17 апреля я самолётом вылетел в Швейцарию. Во время промежуточной посадки на аэродроме Рамсдорф вблизи Берлина меня встретил наш посол профессор Кивимяки, которому я высказал своё мнение относительно требования немцев о заключении договора, а также выразил сомнение, что за всем этим стоит сам Гитлер. Как иначе можно объяснить тот факт, что немцы согласны ожидать ответа финнов несколько недель? Кивимяки не согласился со мной. Чувствовалось, что он был уверен и в том, что возможное упрямство с нашей стороны вызвало бы резкие контрмеры. Относительно предпосылок Германии выйти из войны без поражения он был настроен так же реалистично, как и я.

Во время пребывания в Швейцарии я ни коим образом не вмешивался в дела главного командования и в решение актуальных политических вопросов. Однако вскоре после прибытия в Швейцарию я получил из дома сведения, вызвавшие беспокойство. 22 апреля посольство США сообщило, что большая часть его сотрудников готовится покинуть Финляндию, что указывало на возможность разрыва дипломатических отношений.

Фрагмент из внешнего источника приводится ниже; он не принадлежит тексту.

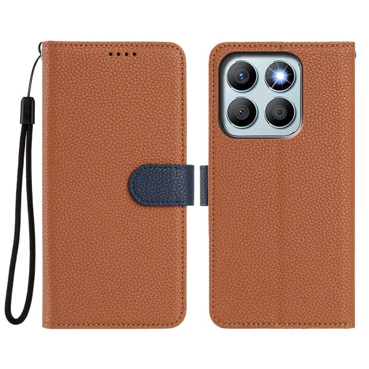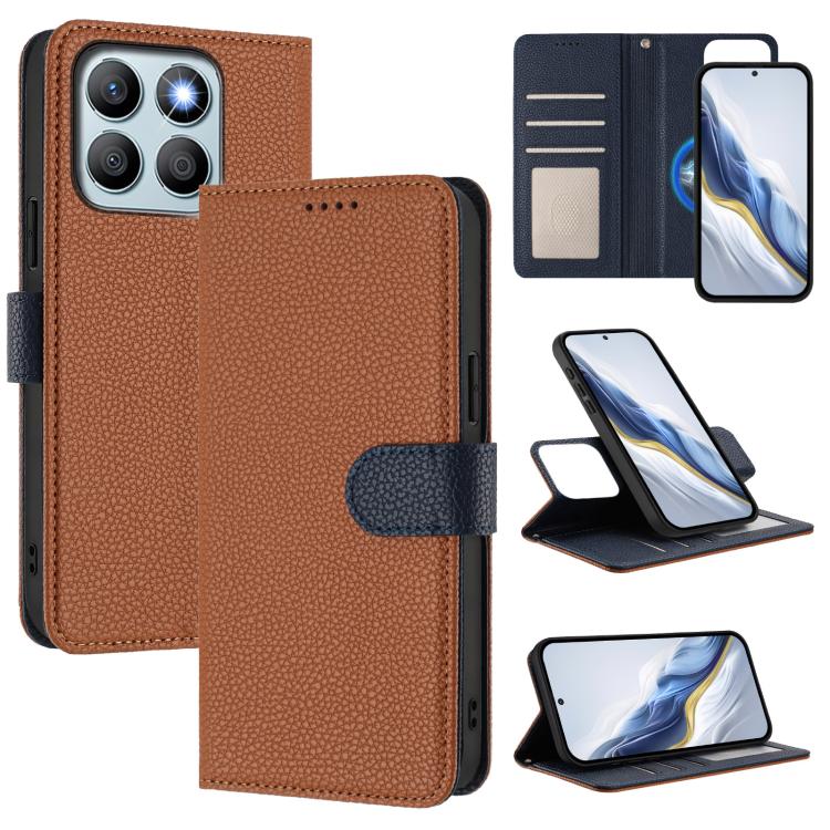 For Honor X7b / Play 8T Detachable Litchi Texture Magnetic Vegan Leather Phone Case(Brown+Dark Blue)
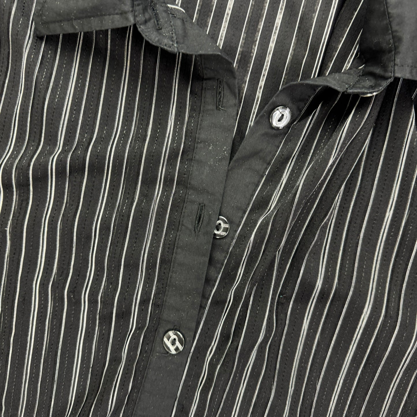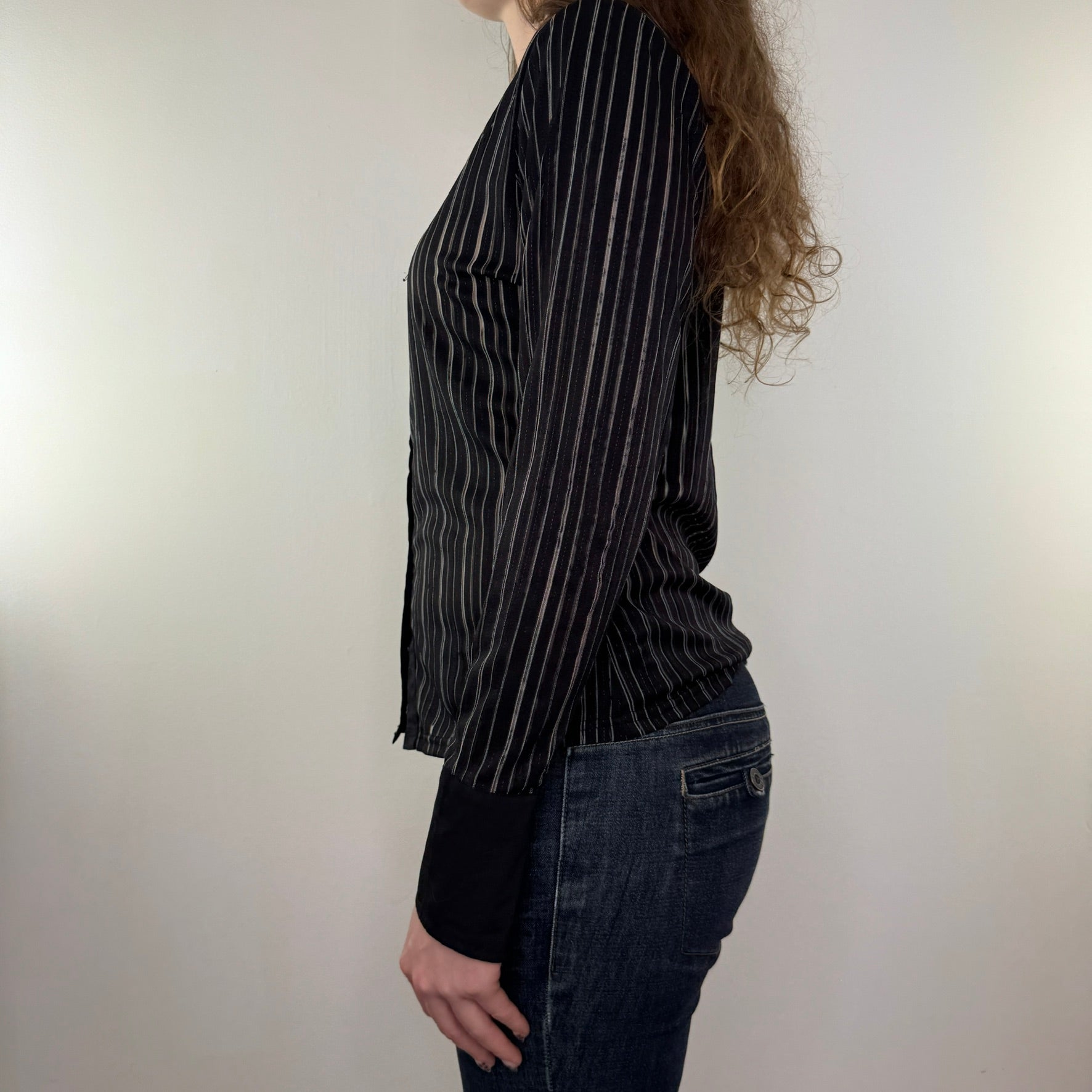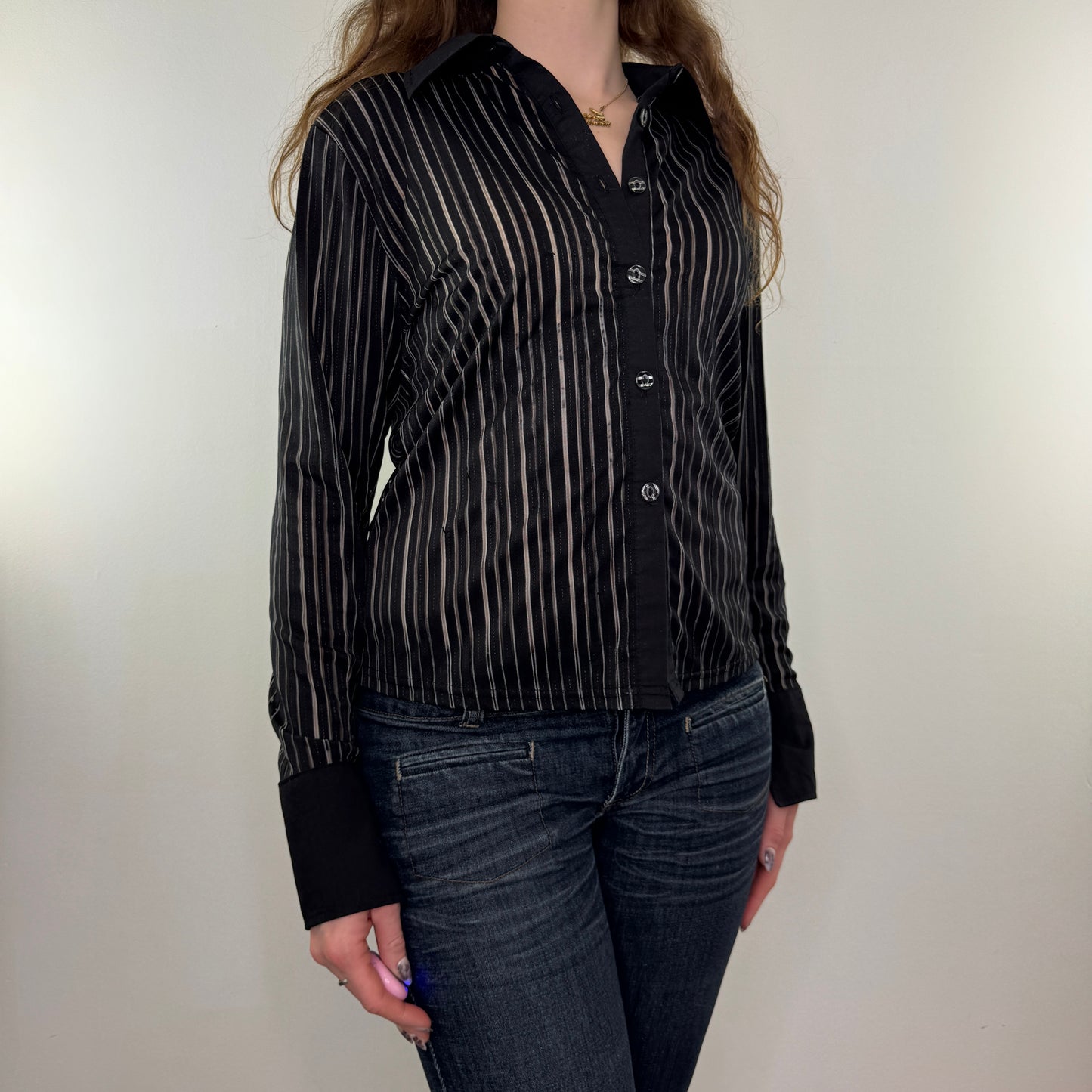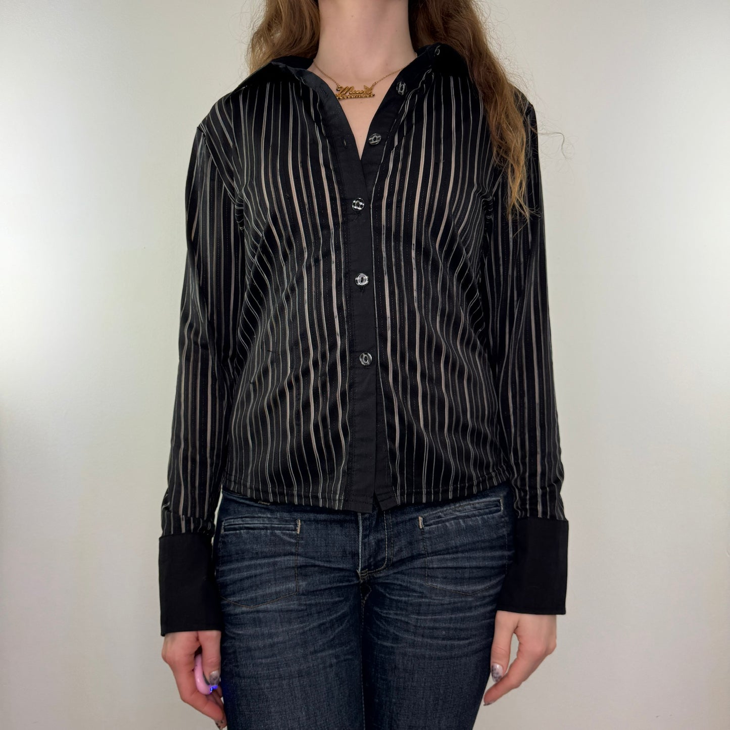 Y2K vintage sheer pinstripe button up stretchy long sleeve shirt

Мне, прежде всего надо было восстановить силы, чтобы как можно скорее снова приступить к выполнению своих обязанностей. В этом мне, как и в прежние времена, эффективно помогли швейцарский климат и превосходный уход. Я, как и раньше, чувствовал себя отлично в этой маленькой стране, расположившейся в центре Европы, в её дружеской, спокойной и здоровой атмосфере. Народ Швейцарии, говорящий на четырёх языках и исповедующий две религии, единодушно выбрал основой жизни непреходящие ценности: усердный труд во имя улучшения общего и индивидуального уровня жизни, стабильную внешнюю и внутреннюю политику, а также бдительную охрану самостоятельности и мира. К Финляндии в Швейцарии относились с сочувствием и пониманием, как в высших, так и в низших кругах, и это сочувствие проявлялось во многих, согревающих мою душу формах.

По окончании трёхнедельного лечебного курса в прекрасном Лугано вечером 9 мая я вернулся на родину. На аэродроме Малми меня встретил генерал Вальден. Он рассказал, что накануне правительство решило согласиться с требованием Риббентропа, и сделано это было из-за критического положения с продуктами питания.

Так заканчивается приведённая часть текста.